Data have been around for decades. Companies were getting benefits from these data by applying different “statistical methods.

After some years, with the growth of data and the revolution of technology, companies started extracting patterns from data which lead to “data mining”.

Similarly, after few some years, due to new mathematical and statistical models, companies can now perform more accurate forecasts which lead to “predictive analytics”.

Revolution of Data Science

Get closer than ever to your customers. So close that you tell them what they need well before they realize it themselves. Steve Jobs.

Explosion of data

The arrival of internet, social media and the digitization of everything around the world have led to massive amount of data generated every second. For example:

  • Retails databases, logistics, financial services, healthcare and other sectors.
  • computers’ capabilities to extract meaningful information from still images, video and audio.
  • Smart objects and Internet of Things.
  • Social media, personnel files, location data and online activities.
  • Machine generate data, computer and network logs.

Accordingly, Big Data is defined by 3Vs (VolumeVariety and Velocity).

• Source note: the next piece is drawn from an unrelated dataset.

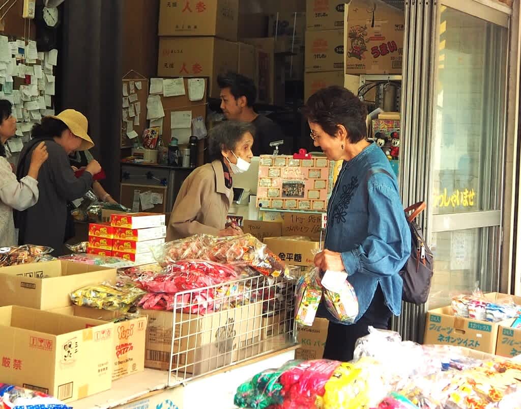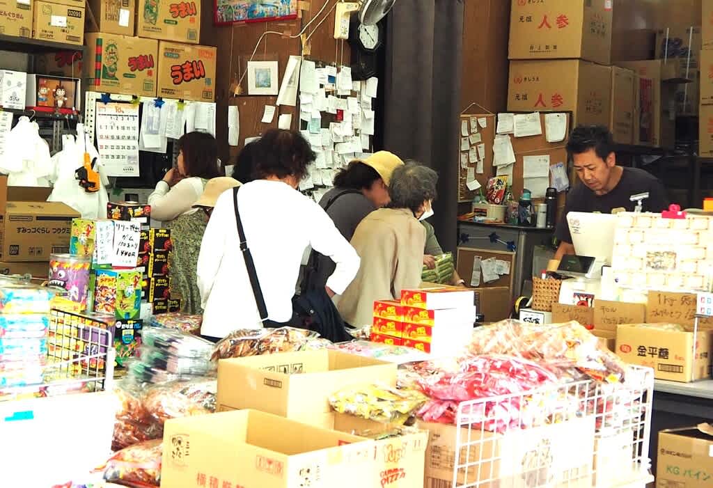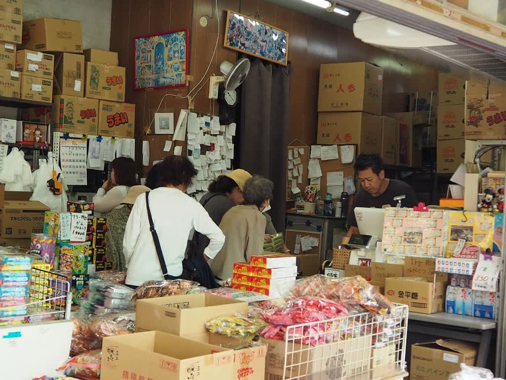 その後、明道町の駄菓子問屋街では、駄菓子を購入しながら

  • Volume: amount of data (Terabytes, Petabytes or more)
  • Variety: types of data (Text, Numbers, Files, Images, Video, Audio, machine data…)
  • Velocity: speed of data processing (Real-time, Streaming, Batching, uncontrollable…)

The infographic below illustrates the 3Vs:

Volume — Variety — Velocity

In God we trust. All others must bring data. William Edwards Deming

Additional Vs can be added to Big Data definition such veracity, variability, visualization and value.

  • Veracitytrustworthiness of the data. For example outdated contact numbers are inaccurate and the business cannot rely on it.
  • Variability: focuses on the correct meanings of row data that depends on its context. For example the word “Great” gives an positive idea, however “Greatly disappointed” gives negative impression.
  • Visualization: refers to how the data is presented to business users (tables, graphical views, charts…)
  • Value: unless turning data into value, it is become useless. Businesses expect significant value from investing in Big Data.

Big Data Challenges

Big data is so big and complex that traditional computer solutions, relational databases, data processing methods and traditional analytics are not scalable to deal with it.

Accordingly, for getting value from Big Data, organizations have to deal with Data Pipeline and Data Science.

The infographic below illustrates the process:

Big Data Science Cycle

What is a Data Pipeline — ETL?

At the beginning of any analytics, data-driven decision require well-organizedand relevant data stored in a digital format. To get there, Data Pipeline is needed.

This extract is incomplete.